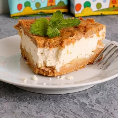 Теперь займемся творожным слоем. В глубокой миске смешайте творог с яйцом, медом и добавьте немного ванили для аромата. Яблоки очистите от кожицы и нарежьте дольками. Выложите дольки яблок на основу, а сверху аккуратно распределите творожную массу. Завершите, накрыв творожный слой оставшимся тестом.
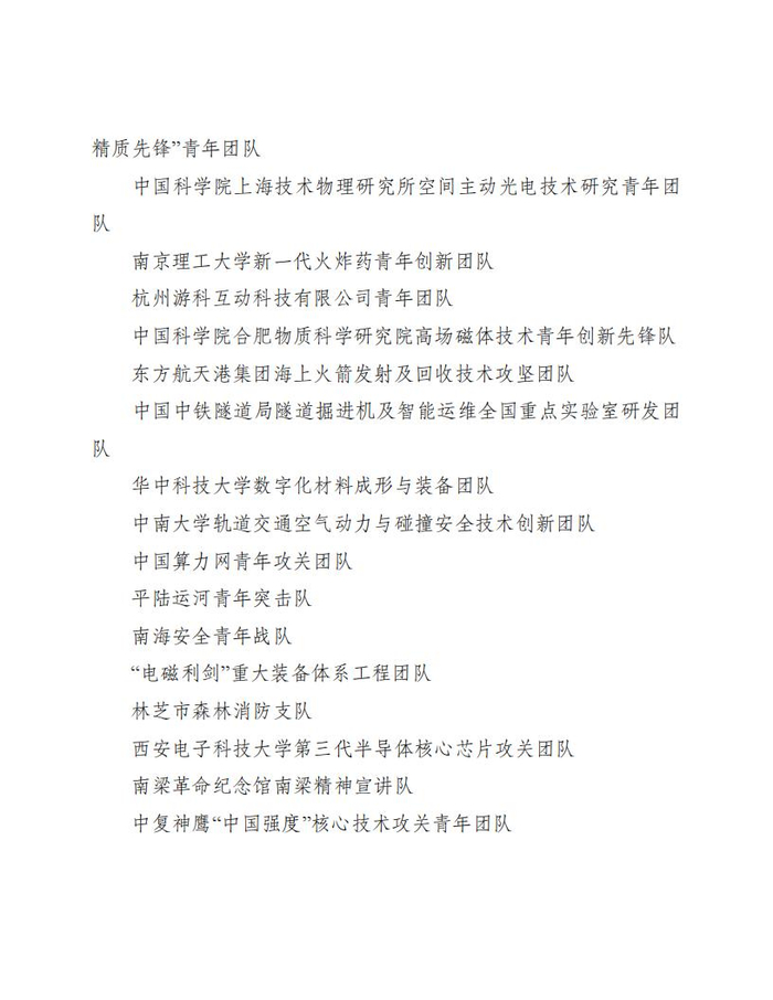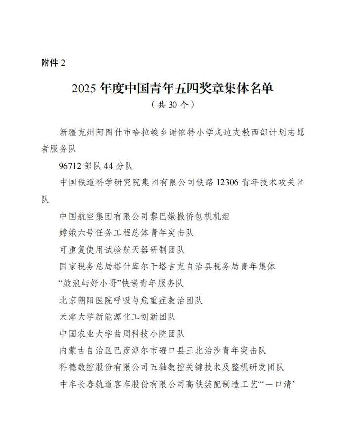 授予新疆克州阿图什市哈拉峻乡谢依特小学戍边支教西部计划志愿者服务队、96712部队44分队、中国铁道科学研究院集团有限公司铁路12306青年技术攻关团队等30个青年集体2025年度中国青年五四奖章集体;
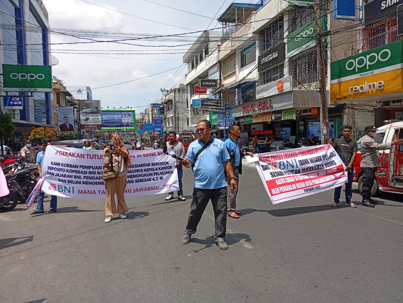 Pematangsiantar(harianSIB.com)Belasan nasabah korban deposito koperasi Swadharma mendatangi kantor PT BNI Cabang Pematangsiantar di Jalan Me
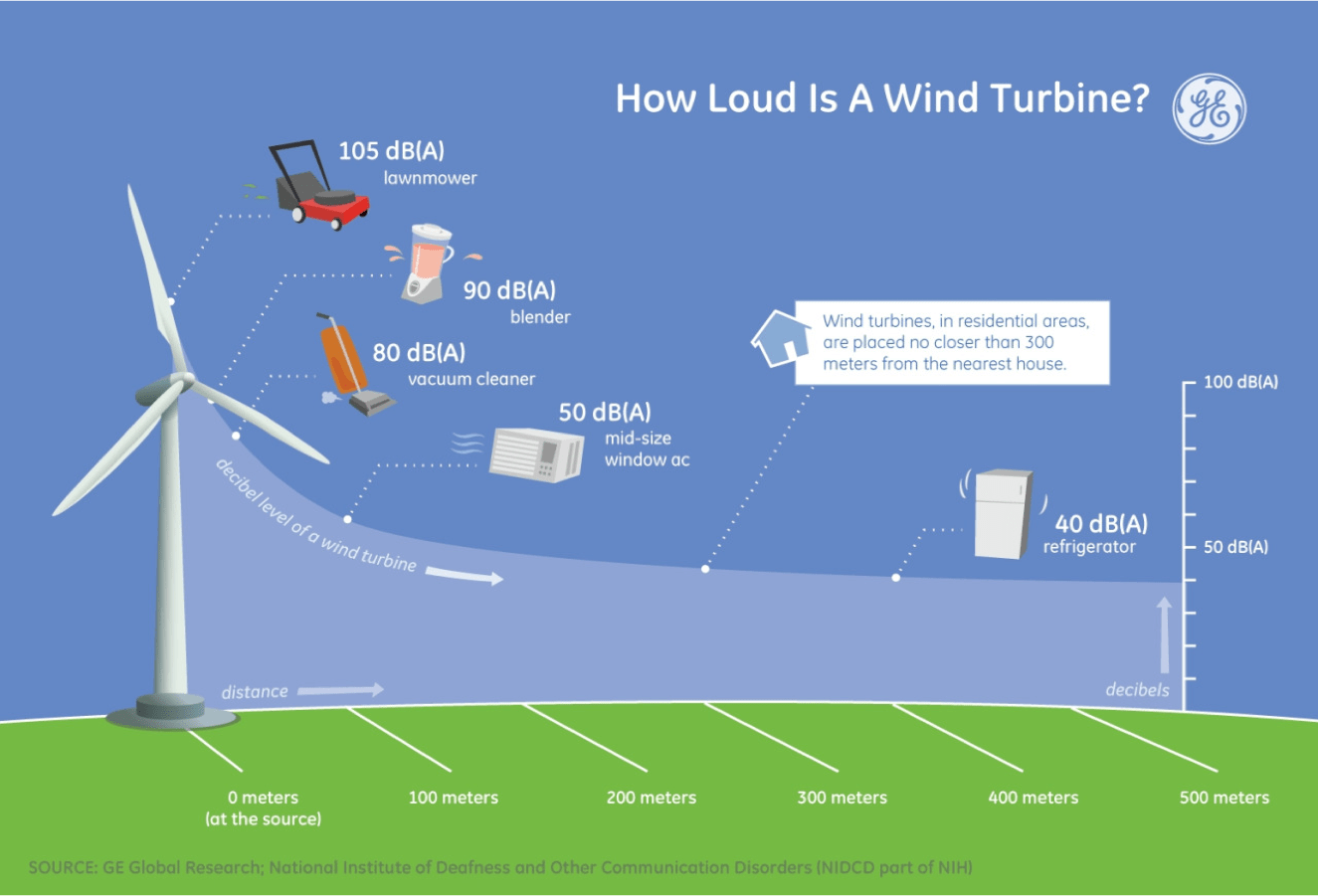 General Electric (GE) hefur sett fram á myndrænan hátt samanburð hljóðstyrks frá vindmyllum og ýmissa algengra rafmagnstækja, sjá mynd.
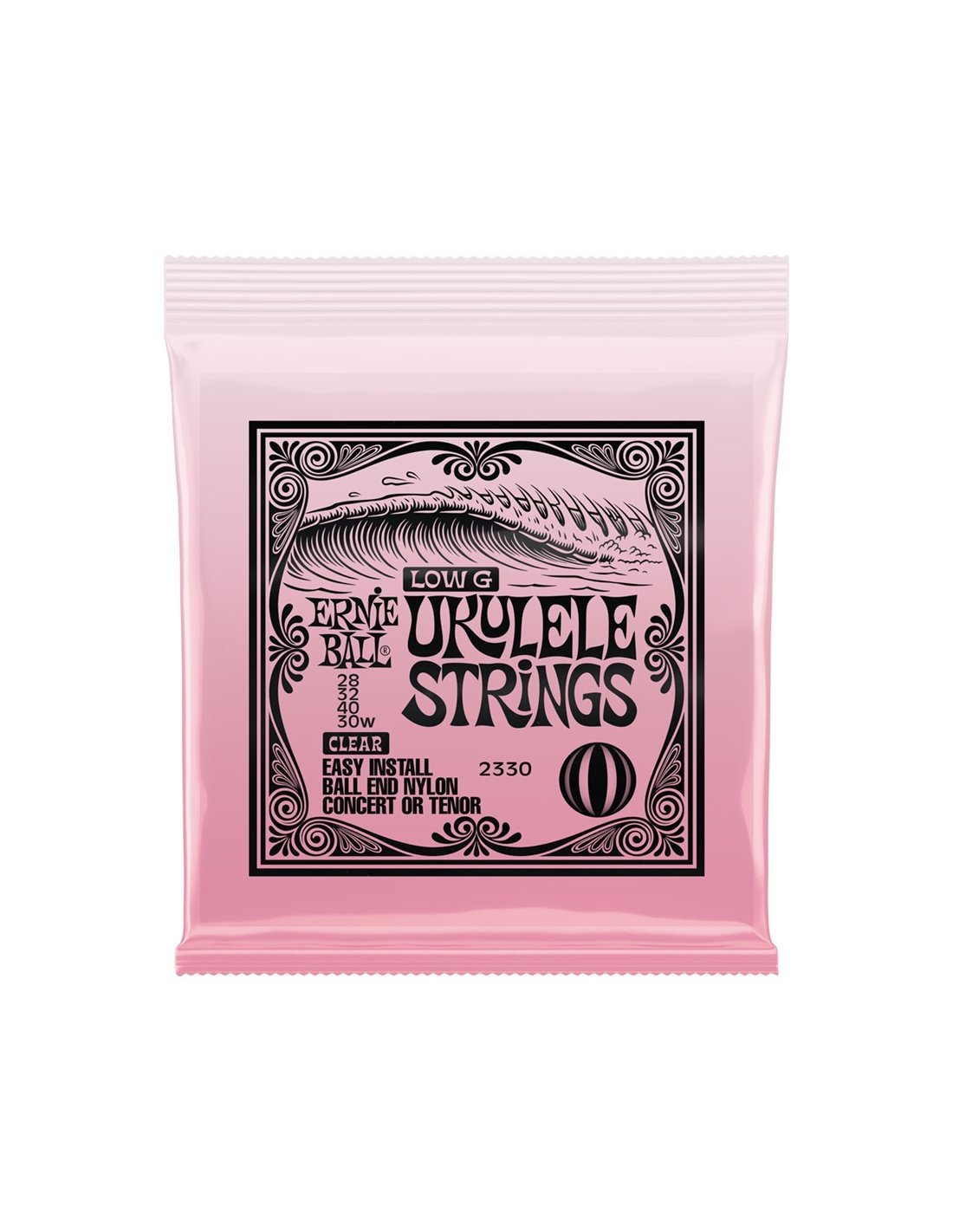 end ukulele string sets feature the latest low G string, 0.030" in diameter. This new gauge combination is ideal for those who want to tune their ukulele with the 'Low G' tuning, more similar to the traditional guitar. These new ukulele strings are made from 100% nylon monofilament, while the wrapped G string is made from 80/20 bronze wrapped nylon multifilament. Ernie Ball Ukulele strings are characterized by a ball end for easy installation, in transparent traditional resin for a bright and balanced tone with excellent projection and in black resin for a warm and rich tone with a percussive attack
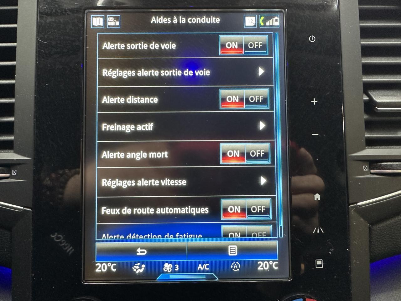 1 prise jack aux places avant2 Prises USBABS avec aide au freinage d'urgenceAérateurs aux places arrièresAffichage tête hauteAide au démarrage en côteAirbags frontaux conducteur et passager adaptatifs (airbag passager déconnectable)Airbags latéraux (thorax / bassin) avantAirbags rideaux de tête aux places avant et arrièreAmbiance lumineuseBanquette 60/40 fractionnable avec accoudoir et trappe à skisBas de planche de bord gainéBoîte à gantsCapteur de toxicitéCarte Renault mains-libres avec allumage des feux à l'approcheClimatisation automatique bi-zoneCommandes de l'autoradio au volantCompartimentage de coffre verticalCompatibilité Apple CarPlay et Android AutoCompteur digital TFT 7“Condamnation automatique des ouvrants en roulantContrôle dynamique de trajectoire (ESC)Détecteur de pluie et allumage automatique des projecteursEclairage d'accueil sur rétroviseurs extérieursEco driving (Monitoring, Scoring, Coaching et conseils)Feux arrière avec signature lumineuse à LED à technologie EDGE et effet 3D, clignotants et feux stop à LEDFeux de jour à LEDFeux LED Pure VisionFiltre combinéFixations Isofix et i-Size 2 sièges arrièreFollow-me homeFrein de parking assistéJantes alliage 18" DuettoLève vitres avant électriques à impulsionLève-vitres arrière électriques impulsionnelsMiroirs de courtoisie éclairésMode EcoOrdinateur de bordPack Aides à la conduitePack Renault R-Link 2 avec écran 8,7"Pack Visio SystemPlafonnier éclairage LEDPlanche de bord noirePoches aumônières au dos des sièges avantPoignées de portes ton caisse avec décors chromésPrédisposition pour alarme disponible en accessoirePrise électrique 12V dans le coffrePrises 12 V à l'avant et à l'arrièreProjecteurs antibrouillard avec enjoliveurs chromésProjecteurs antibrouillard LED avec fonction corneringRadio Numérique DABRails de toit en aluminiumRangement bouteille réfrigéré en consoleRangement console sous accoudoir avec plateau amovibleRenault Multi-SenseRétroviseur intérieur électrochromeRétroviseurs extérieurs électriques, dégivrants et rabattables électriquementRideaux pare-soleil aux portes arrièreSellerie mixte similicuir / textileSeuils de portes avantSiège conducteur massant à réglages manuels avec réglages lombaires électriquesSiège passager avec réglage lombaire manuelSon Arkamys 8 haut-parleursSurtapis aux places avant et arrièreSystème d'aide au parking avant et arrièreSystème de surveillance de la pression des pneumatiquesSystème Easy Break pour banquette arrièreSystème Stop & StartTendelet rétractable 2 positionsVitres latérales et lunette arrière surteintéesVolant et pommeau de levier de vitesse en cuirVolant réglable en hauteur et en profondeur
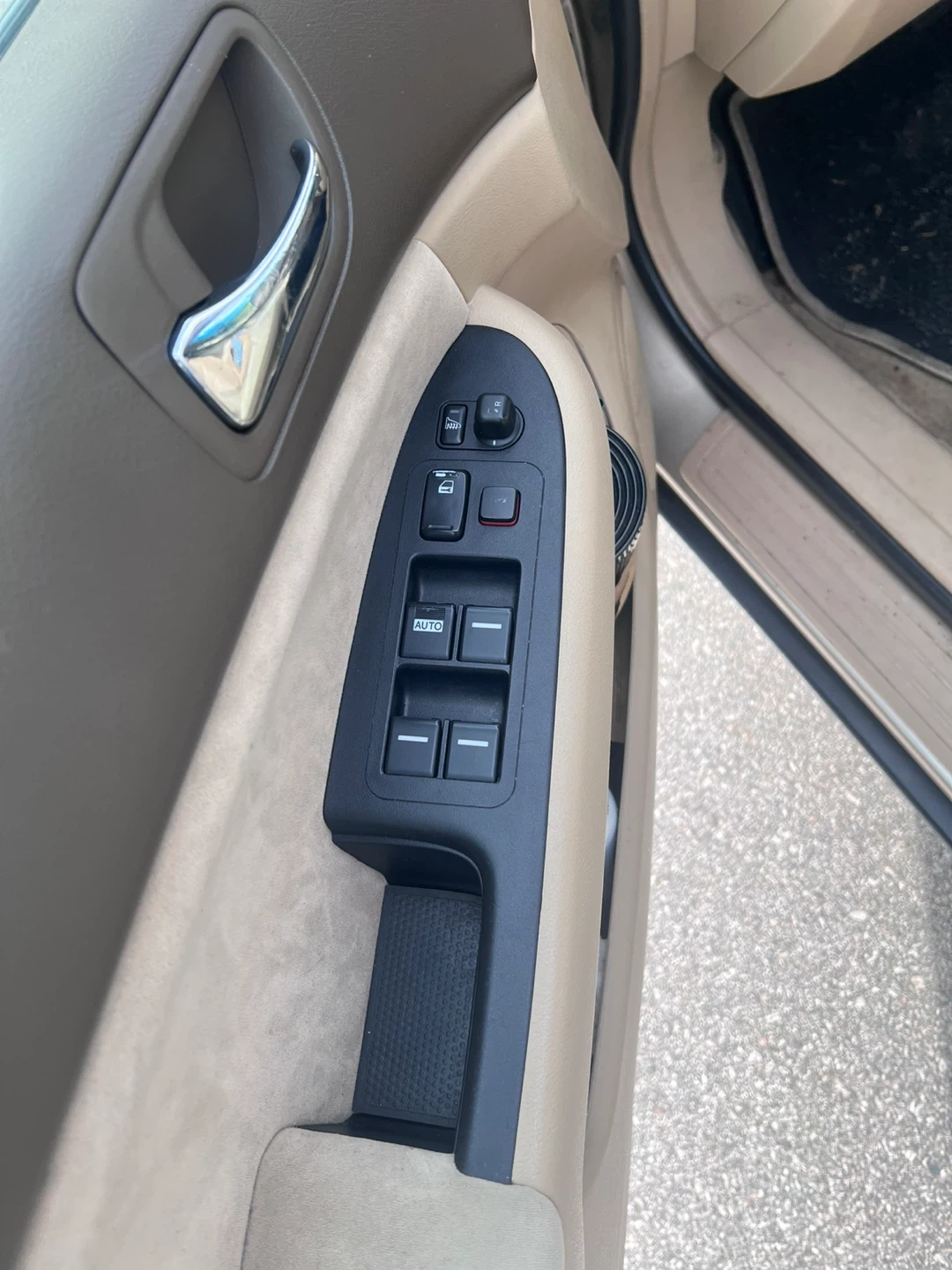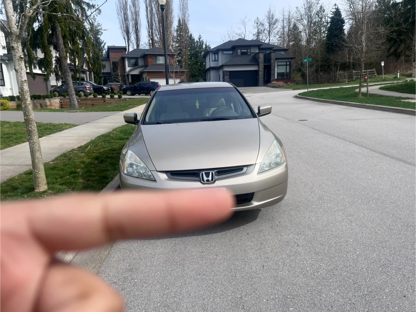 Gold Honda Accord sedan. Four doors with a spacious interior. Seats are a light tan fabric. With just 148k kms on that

________________________________________

— Required work —
The line with "end ukulele string" ends the range, and the first line of the data begins it; repeat exactly those lines and nothing more, omitting pictures.

— Result for this task —
 Теперь займемся творожным слоем. В глубокой миске смешайте творог с яйцом, медом и добавьте немного ванили для аромата. Яблоки очистите от кожицы и нарежьте дольками. Выложите дольки яблок на основу, а сверху аккуратно распределите творожную массу. Завершите, накрыв творожный слой оставшимся тестом.
 授予新疆克州阿图什市哈拉峻乡谢依特小学戍边支教西部计划志愿者服务队、96712部队44分队、中国铁道科学研究院集团有限公司铁路12306青年技术攻关团队等30个青年集体2025年度中国青年五四奖章集体;
 Pematangsiantar(harianSIB.com)Belasan nasabah korban deposito koperasi Swadharma mendatangi kantor PT BNI Cabang Pematangsiantar di Jalan Me
 General Electric (GE) hefur sett fram á myndrænan hátt samanburð hljóðstyrks frá vindmyllum og ýmissa algengra rafmagnstækja, sjá mynd.
 end ukulele string sets feature the latest low G string, 0.030" in diameter. This new gauge combination is ideal for those who want to tune their ukulele with the 'Low G' tuning, more similar to the traditional guitar. These new ukulele strings are made from 100% nylon monofilament, while the wrapped G string is made from 80/20 bronze wrapped nylon multifilament. Ernie Ball Ukulele strings are characterized by a ball end for easy installation, in transparent traditional resin for a bright and balanced tone with excellent projection and in black resin for a warm and rich tone with a percussive attack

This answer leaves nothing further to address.